Although percutaneous coronary interventions (PCIs) and stents have done much to improve outcomes after AMI, treatment of the damaged tissue during the healing process has been lacking. Jonathan Leor, MD, Neufeld Cardiac Research Institute, Sheba Medical Center, Tel-Hashomer, Israel, presented the results of a pilot study that sought to determine the safety and efficacy of BL-1040 (BioLineRX, Jerusalem, Israel), a partially crosslinked alginate-based liquid polymer, in preventing deterioration of the damaged myocardium. BL-1040 is injected via a catheter in the infarct-related artery following PCI. It penetrates through the damaged capillaries into the damaged heart tissue, where it settles and turns into a gel that acts like a 3-dimensional scaffold and prevents thinning of the left ventricular wall. After about 6 weeks, BL-1040 is reabsorbed and excreted through the kidney.

To be eligible for the study, subjects were required to be aged between 18 and 75 years, have experienced a first AMI (with 4 of 16 akinetic segments) with successful revascularization with PCI within 7 days, and have 1 or more of the following: left ventricular ejection fraction (LVEF) >20% and <45%; peak creatine kinase >2000 IU; and infarct size >25%, as measured by MRI. The primary study outcomes included adverse events (ie, MI, ventricular arrhythmias, cardiovascular hospitalization, symptomatic heart failure, renal failure, stroke, and death).

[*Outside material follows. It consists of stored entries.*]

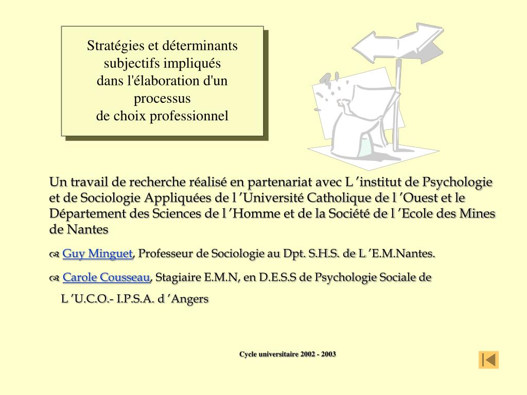 Stratégies et déterminants subjectifs impliqués dans l'élaboration d'un processus de choix professionnel Un travail de recherche réalisé en partenariat avec L ’institut de Psychologie et de Sociologie Appliquées de l ’Université Catholique de l ’Ouest et le Département des Sciences de l ’Homme et de la Société de l ’Ecole des Mines de Nantes Guy Minguet, Professeur de Sociologie au Dpt. S.H.S. de L ’E.M.Nantes. Carole Cousseau, Stagiaire E.M.N, en D.E.S.S de Psychologie Sociale de L ’U.C.O.- I.P.S.A. d ’Angers Cycle universitaire 2002 - 2003
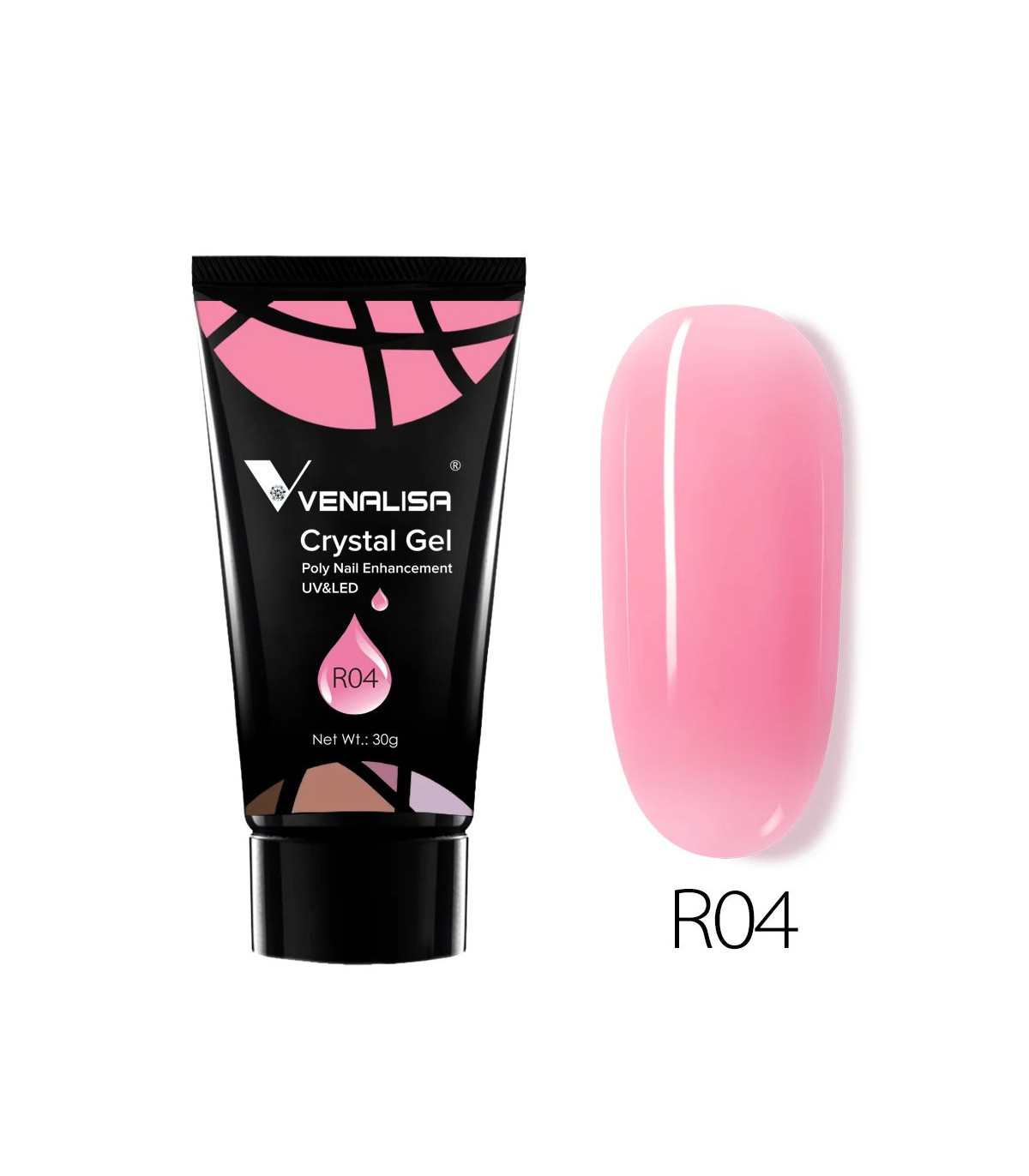 El Polygel Crystal R04 30g de Venalisa es de alta calidad que combina las mejores propiedades del gel y del acrílico, es conocido como Acrygel o Poligel.
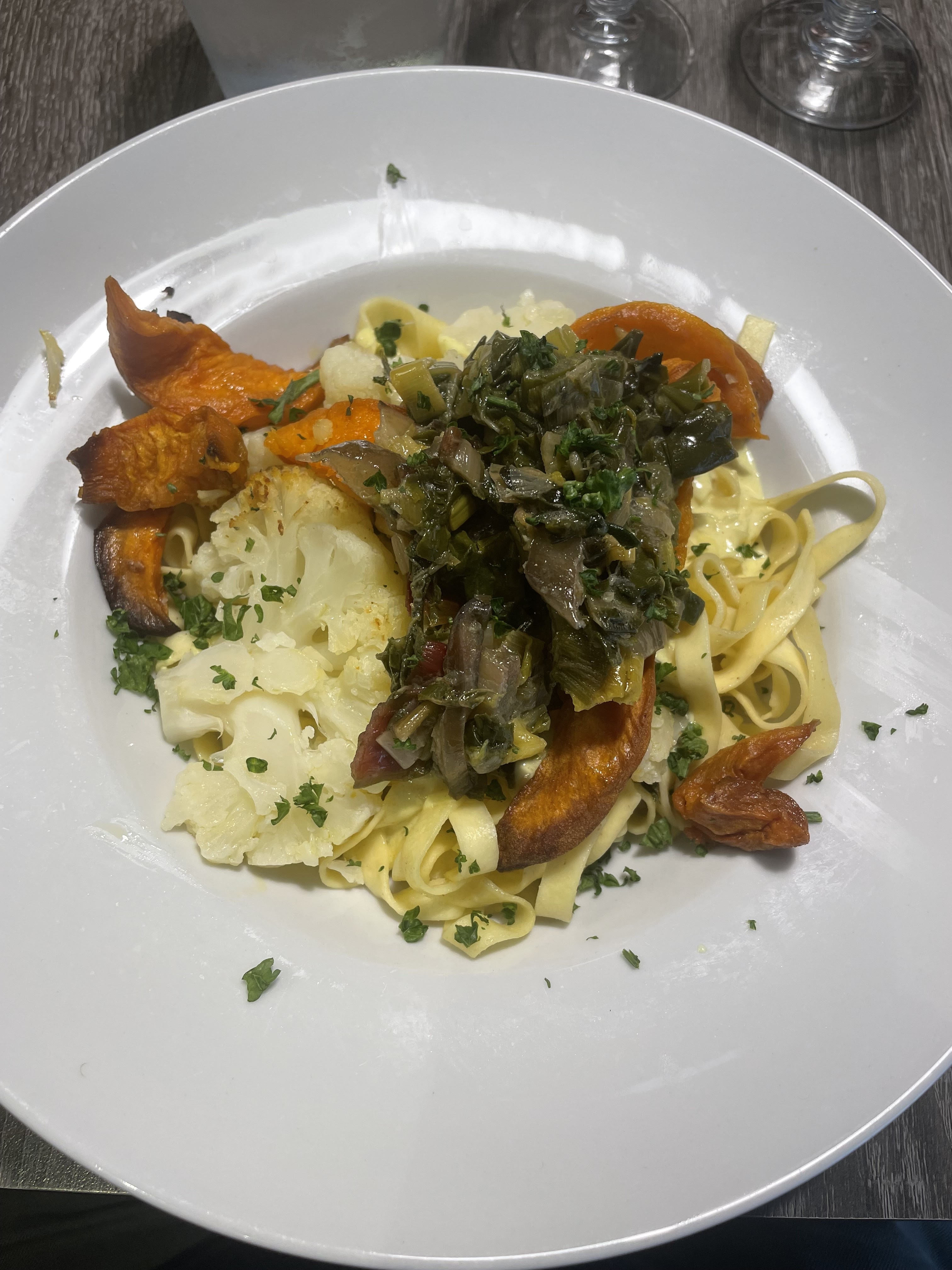 Restaurant étonnant ! De belles présentations, des plats atypiques mais vraiment très bons ! Je me suis régalé d’un entrée-plat-dessert a 18€ ! Velouté de céleri fantastique 👌🏼 Tagliatelle de légumes (fondu de poireaux, chou-fleur, patates douces…) Photos pour illustrer !

Secondary outcome measures were: change from baseline in LV dimensions, regional (infarct-related) dimensions, global wall motion score, and LVEF. Follow-up visits occurred at 30, 60, 90, and 180 days post-procedure. Of the 10 subjects who have been treated to date, 4 have completed the 6-month follow-up period and 1 patient has completed the 3-month follow-up visit. Five patients have been recruited since January 2009.

At 90 days, LVEF increased to 49% (vs 47% at baseline). Diastolic volume decreased from 132 ml to 122 ml, and LV diastolic volume decreased from 67 ml to 62 ml. Pro-brain natriuretic peptide (BNP) levels went from 830 pg/ml to 480 pg/ml. No adverse events have been reported. The investigators have concluded that the use of BL-1010 is feasible and safe. Based on these early results, the ISMB unanimously approved opening enrollment to the remaining 25 patients. The study is expected to be completed in the third quarter of 2009.